** THE PROBLEM **
Write out exactly, and only, the lines below from the line with "GUSTA - KURTKA SKÓRA CZEKOLADOWA" through the line with "金上昂多項目現(xiàn)場雪一停,施工人員立即搶抓時間安裝光伏支架。"; pictures do not belong in the copy.

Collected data
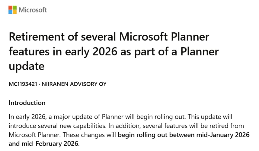 In early 2026, Microsoft Planner will roll out a major update with new features like task chats and custom templates, while retiring features such as the old task comments, whiteboard tab for premium plans, Planner component in Loop, Viva Goals integration, and iCalendar feed. Some features will be temporarily unavailable.
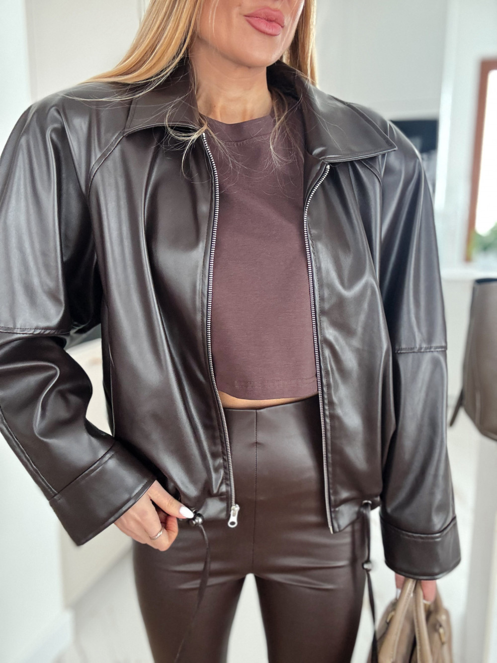 GUSTA - KURTKA SKÓRA CZEKOLADOWA
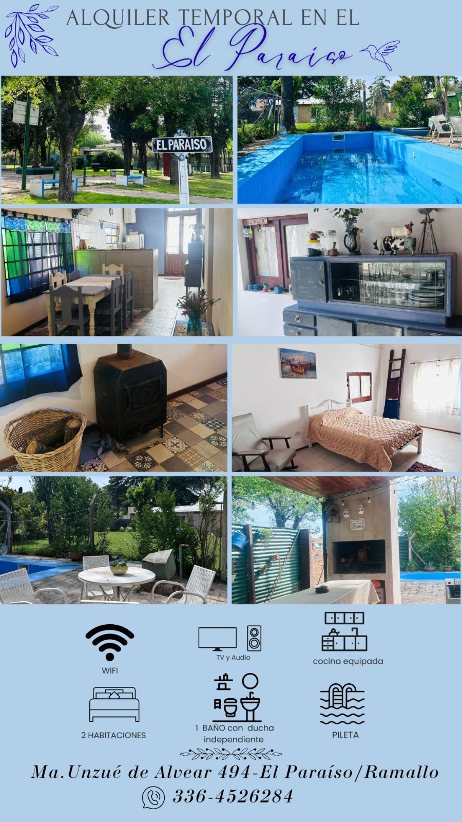 Equipado con cama matrimonial, Tv con DirectTV pregago opcional, sillones, cocina con horno a gas, heladera, microondas, tostadora y vajilla completa para 2 personas; baño completo con ducha.
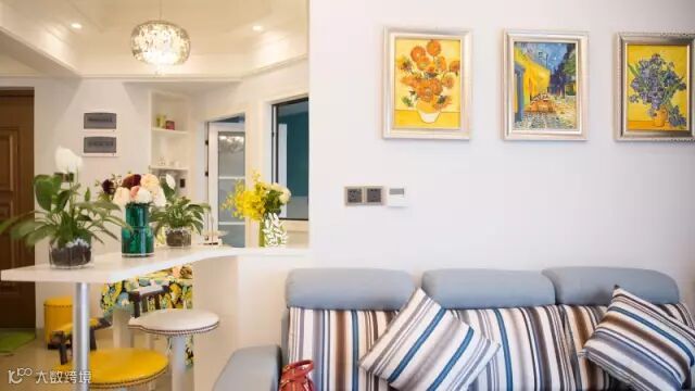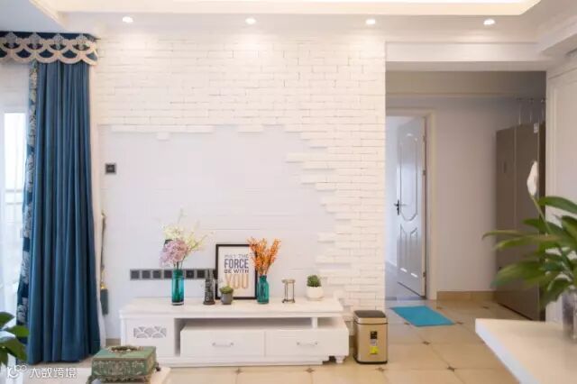 ▲电视背景墙采用了文化石做装饰,不规则的图形加上花束的搭配,文艺气息扑面而来餐厅。
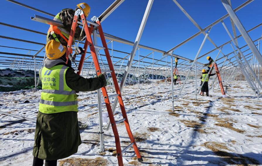 金上昂多項目現(xiàn)場雪一停,施工人員立即搶抓時間安裝光伏支架。
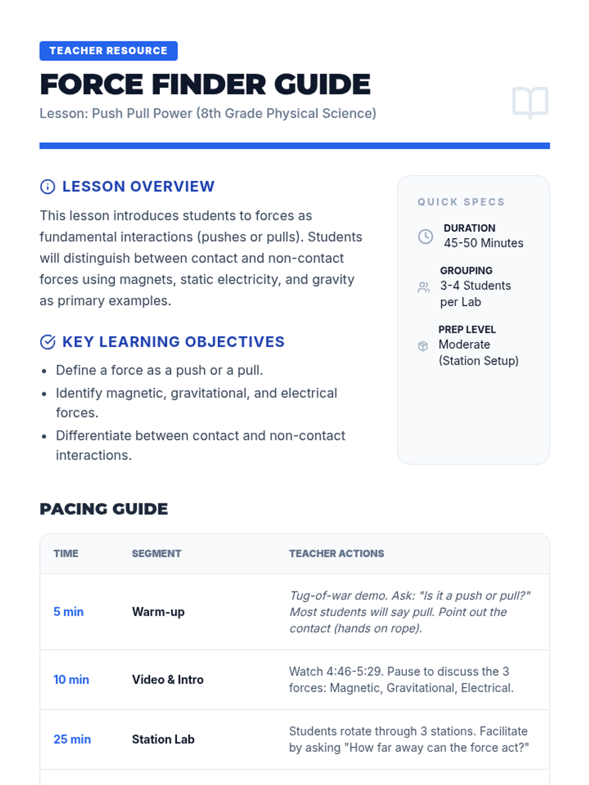 Students will investigate the fundamental nature of forces as pushes or pulls, exploring magnetic, gravitational, and electrical forces through hands-on lab stations and video analysis.

** ANSWER TO THIS EXERCISE **
 GUSTA - KURTKA SKÓRA CZEKOLADOWA
 Equipado con cama matrimonial, Tv con DirectTV pregago opcional, sillones, cocina con horno a gas, heladera, microondas, tostadora y vajilla completa para 2 personas; baño completo con ducha.
 ▲电视背景墙采用了文化石做装饰,不规则的图形加上花束的搭配,文艺气息扑面而来餐厅。
 金上昂多項目現(xiàn)場雪一停,施工人員立即搶抓時間安裝光伏支架。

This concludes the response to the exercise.